Jamais nous n’avons autant craint d’être empoisonnés par l’air que nous respirons, l’eau que nous buvons, le pain que nous mangeons. Pourtant, jamais nous n'avons vécu aussi longtemps en bonne santé, jamais l’espérance de bonne vie n’a été aussi élevée, affolant les gestionnaires des organismes de retraite.
Les nouvelles techniques inquiètent, c'est naturel, toute nouveauté peut présenter des risques nouveaux – aucun ménestrel chanteur n'est décédé par électrocution dans sa baignoire au Moyen Âge ; il n'y avait pas de baignoires. Mais il faut considérer aussi que c'est grâce aux nouvelles techniques que les famines, pestes, et autres calamités massives ont été vaincues. Nous avons troqué les famines du passé contre d'infimes résidus inoffensifs de pesticides. La charrue bucolique et les bœufs contre des tracteurs ; le travail des enfants aux champs ou à la mine contre l’école. Les amputations à la scie sans anesthésie contre l'hôpital d'aujourd'hui. L'eau polluée de la rivière contre l'eau potable du robinet. L’air pollué par les lampes à huile et les fumées du feu de bois contre le chauffage central et l’électricité. Les épidémies et la mortalité infantile contre les vaccins.
Avons-nous perdu au change ? Nous en avons l'illusion car nous avons oublié les famines, les épidémies, la vie harassante du bon vieux temps. Nous ne voyons plus la réalité du bon vieux temps, mais seulement le rêve que nous en avons, le rêve d'une partie de campagne ensoleillée, dans la paix de la verdure si ce n'est le chant des oiseaux, le murmure d'un ruisseau, le souffle de la brise... Nous comparons ce rêve aux nuisances bien réelles du monde d'aujourd'hui, les usines, les autoroutes, les supermarchés, les embouteillages, le bruit, la foule... il n'y a pas photo, le rêve est bien plus envoûtant. Pour autant, sommes-nous vraiment prêts à troquer un seul aujourd’hui, même imparfait, contre deux bons vieux temps ? [...]
[1]
« Regardez les oiseaux du ciel : ils ne sèment point, ils ne moissonnent point, et ils n’amassent rien dans des greniers : mais votre Père céleste les nourrit [...]

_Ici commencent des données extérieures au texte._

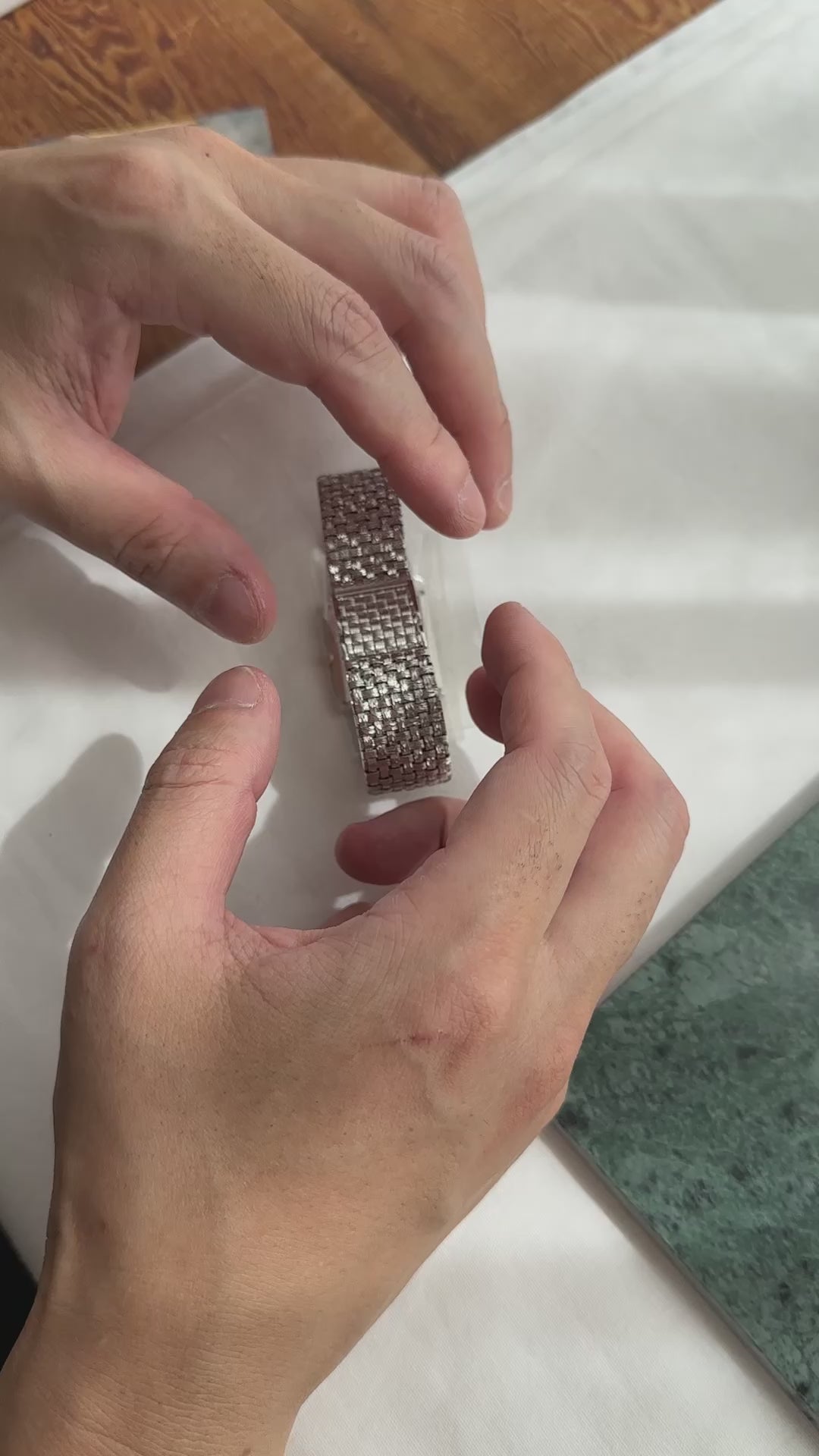 ブレスレットもケースと同じホワイトゴールド製でケースと一体となったデザインです。ケースとは異なり、ブレスレットにはバーク仕上げが施された編み込み構造をしています。

Ne vous inquiétez donc point en disant : Que mangerons-nous, ou, que boirons-nous, ou de quoi nous vêtirons-nous ? Ce sont les païens qui recherchent toutes ces choses ; et votre Père céleste sait que vous en avez besoin. Cherchez donc premièrement le Royaume de Dieu et sa justice, et tout cela vous sera donné par surcroît. » (Mt VI 25-33). La Fontaine a illustré que, pour la cigale au moins, la recette ne fonctionne pas lorsque la bise est venue… Mais ce ne sont là que fables et paraboles...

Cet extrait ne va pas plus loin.